9. The method of claim 8, further comprising rescoring using a
trigram syntax model.
10. The method of claim 7, further comprising: searching the symbol
graph for a group of symbol graph paths; and identifying a best
symbol graph path from the group of symbol graph paths.
11. The method of claim 7, wherein the discriminative training
comprises using a Maximum Mutual Information criterion, wherein
during discriminative training the discriminatively trained weights
are used in calculating path scores of the symbol paths.
12. The method of claim 7, wherein the discriminative training
comprises using a Minimum Symbol Error criterion, wherein during
discriminative training the discriminatively trained weights are
used in calculating path scores of the symbol paths.
13. The method of claim 12 wherein the discriminative training uses
a Quasi-Newton Method to final local optima.
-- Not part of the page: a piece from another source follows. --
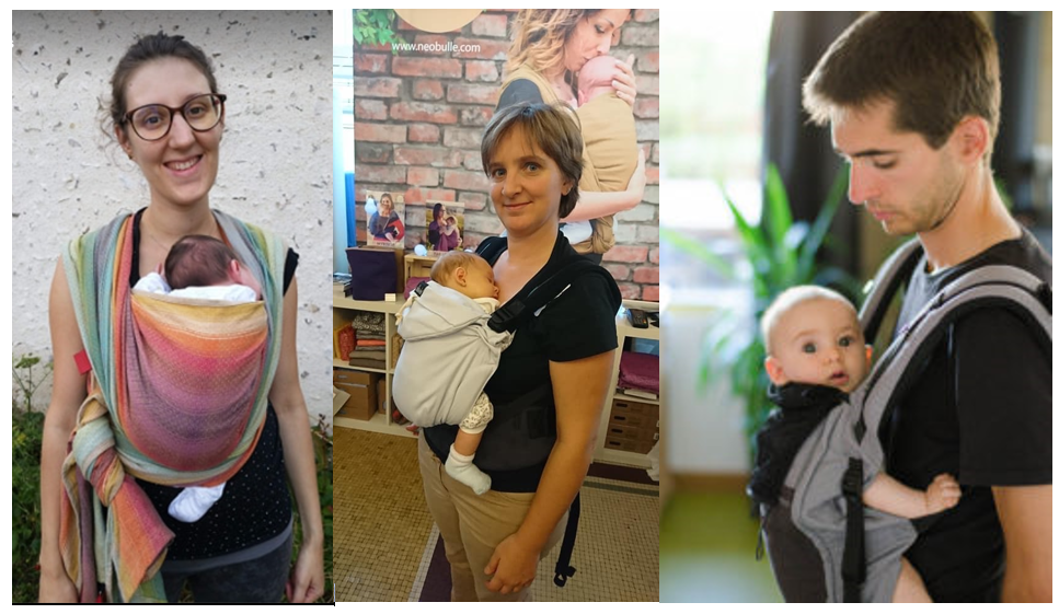 Nous proposons des ateliers de portage individuels ou collectifs, ouverts aux Papas, aux Mamans, aux Assistantes maternelles, aux Grands parents, aux Baby-sitters… et aux Bébés, qui sont les plus concernés !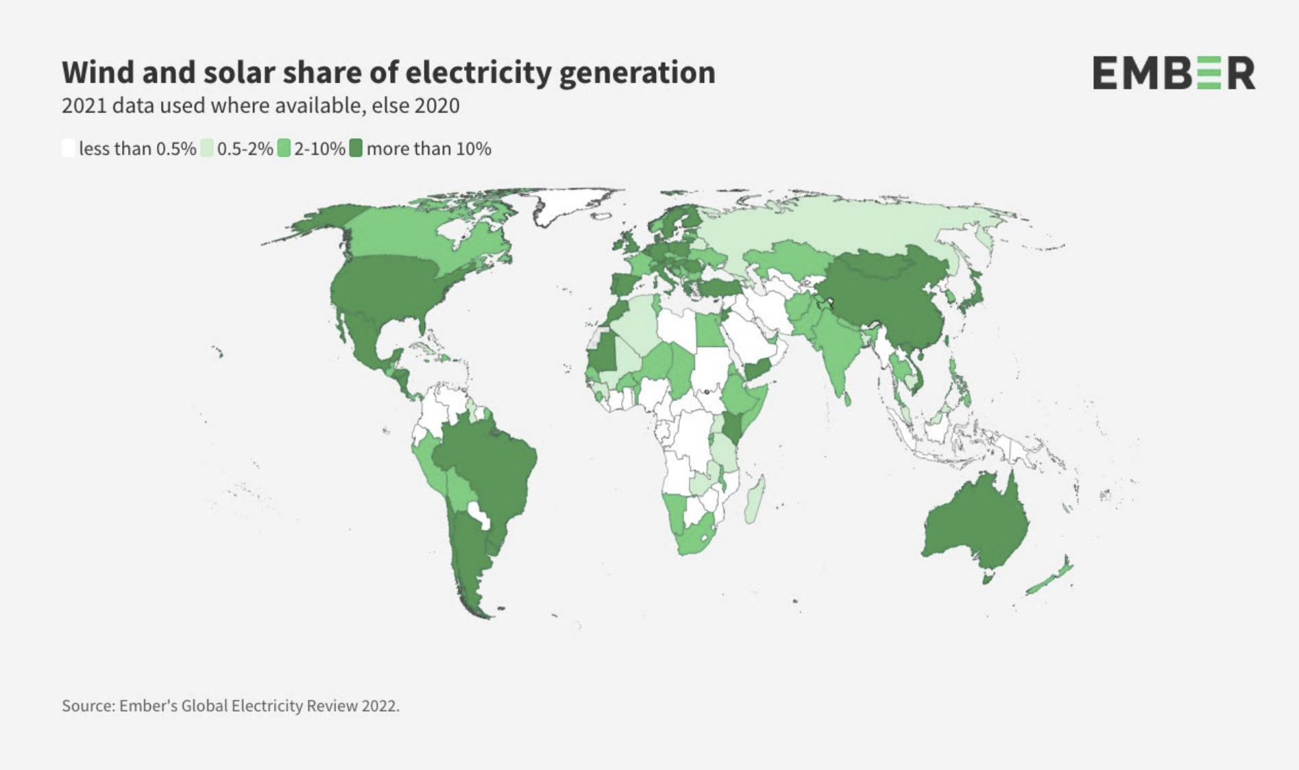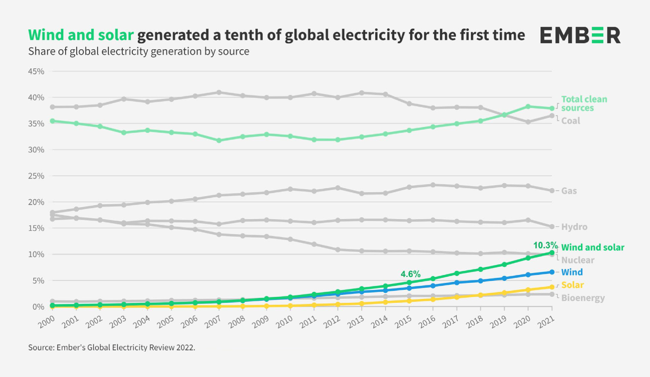 Wind and solar, the fastest growing sources of electricity, reach a record ten percent of global electricity in 2021; all clean power is now 38% of supply.

14. A computer-readable medium having computer-executable
instructions that, when executed on one or more processors, perform
acts comprising: receiving a user stroke sequence corresponding to
a handwritten expression; and decoding the user stroke sequence
into a symbol graph, wherein the symbol graph is comprised of
symbol hypotheses in the form of symbol paths through symbol
hypotheses nodes that are based upon a set of knowledge source
statistical model probabilities, wherein the knowledge source
statistical model probabilities are weighted by a discriminately
trained set of exponential weights and a discriminately trained
insertion penalty.
15. The computer-readable medium of claim 14, wherein the set of
knowledge statistical model probabilities is a first set of
knowledge source statistical model probabilities, the set of
discriminately trained weights is a first set of discriminatively
trained weights and the discriminately trained insertion penalty is
a first discriminately trained penalty, and further comprising:
rescoring the symbol graph with a second set of knowledge source
statistical model probabilities that are weighted by a second set
of discriminately trained exponential weights and a second
discriminately trained insertion penalty; searching the symbol
graph for a first group of symbol graph paths; and identifying a
first best symbol graph path from the first group of symbol graph
paths.
16. The computer-readable medium of claim 15, wherein the rescoring
of the symbol graph comprises rescoring the symbol graph using a
trigram syntax model.
17. The computer-readable medium of claim 14, further comprising:
searching the symbol graph for a group of symbol graph paths; and
identifying a best symbol graph path from the group of symbol graph
paths.
18. The computer-readable medium of claim 14, wherein the
discriminative training comprises using a Maximum Mutual
Information criterion, wherein during discriminative training the
discriminatively trained weights are used in calculating path
scores of the symbol paths.
19. The computer-readable medium of claim 14, wherein the
discriminative training comprises using a Minimum Symbol Error
criterion, wherein during discriminative training the
discriminatively trained weights are used in calculating path
scores of the symbol paths.
20. The computer-readable medium of claim 18, wherein the
discriminative training uses a Quasi-Newton Method to final local
optima.
Description
BACKGROUND
[0001] Personal Computer (PC) Tablets, Personal Digital Assistants
(PDAs) and other computing devices that use a stylus or similar
input device are increasing in use for inputting data. Inputting
data using a stylus or similar device is advantageous because
inputting data via handwriting is easy and natural. Input includes
handwriting recognition of conventional text such as the
handwritten expressions of spoken languages (for example, English
words). Also included are handwritten mathematical expressions.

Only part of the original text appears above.